Master should stay up and wait for ever as it used to with this patch in place.
Regarding the worrisome bit of code, I think your worries will be alleviated if
you check where the code is located: i.e. it is run as part of our shutdown on
our way down.
> Master won't go down. Stuck waiting on .META. to come on line.
> ---------------------------------------------------------------
>
> Key: HBASE-8422
> URL: https://issues.apache.org/jira/browse/HBASE-8422
> Project: HBase
> Issue Type: Bug
> Affects Versions: 0.95.0
> Reporter: stack
> Assignee: rajeshbabu
> Fix For: 0.98.0, 0.94.8, 0.95.1
>
> Attachments: HBASE-8422_2.patch, HBASE-8422_3.patch,
> HBASE-8422_94.patch, HBASE-8422.patch
>
>
> Master came up w/ no regionservers.

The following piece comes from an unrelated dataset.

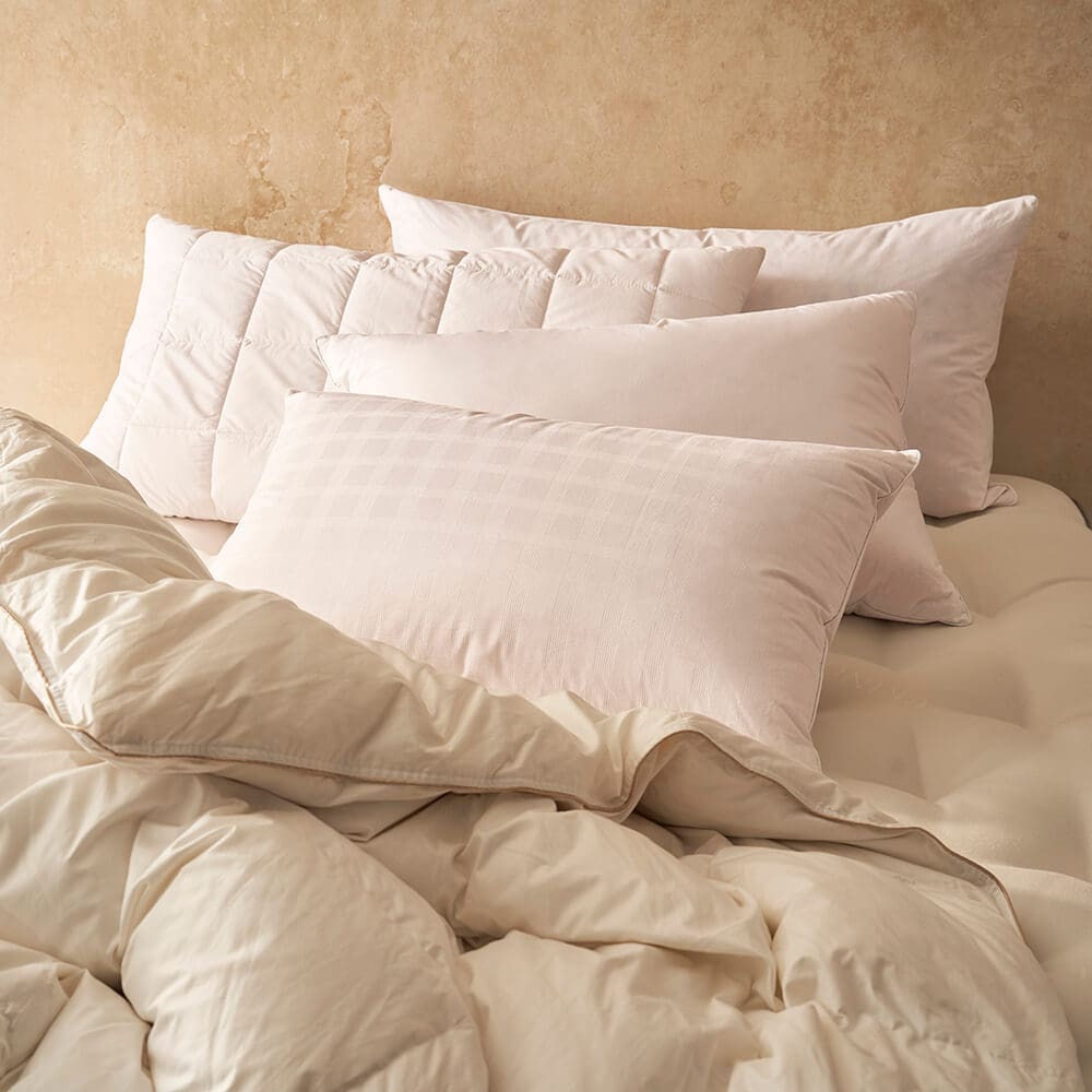 The Vispring English Duck Down & Feather Luxury Pillow delivers a sumptuously soft sleeping experience, combining premium English down with breathable natural materials for refined comfort and lasting loft.

I then tried to shut it down. You can
> see in below that it started to go down....
> {code}
> 2013-04-24 14:28:49,770 INFO [IPC Server handler 7 on 60000]
> org.apache.hadoop.hbase.master.HMaster: Cluster shutdown requested
> 2013-04-24 14:28:49,815 INFO
> [master-stack-1.ent.cloudera.com,60000,1366838923135]
> org.apache.hadoop.hbase.master.ServerManager: Finished waiting for region
> servers count to settle; checked in 0, slept for 2818 ms, expecting minimum
> of 1, maximum of 2147483647, master is stopped.
> 2013-04-24 14:28:49,815 WARN
> [master-stack-1.ent.cloudera.com,60000,1366838923135]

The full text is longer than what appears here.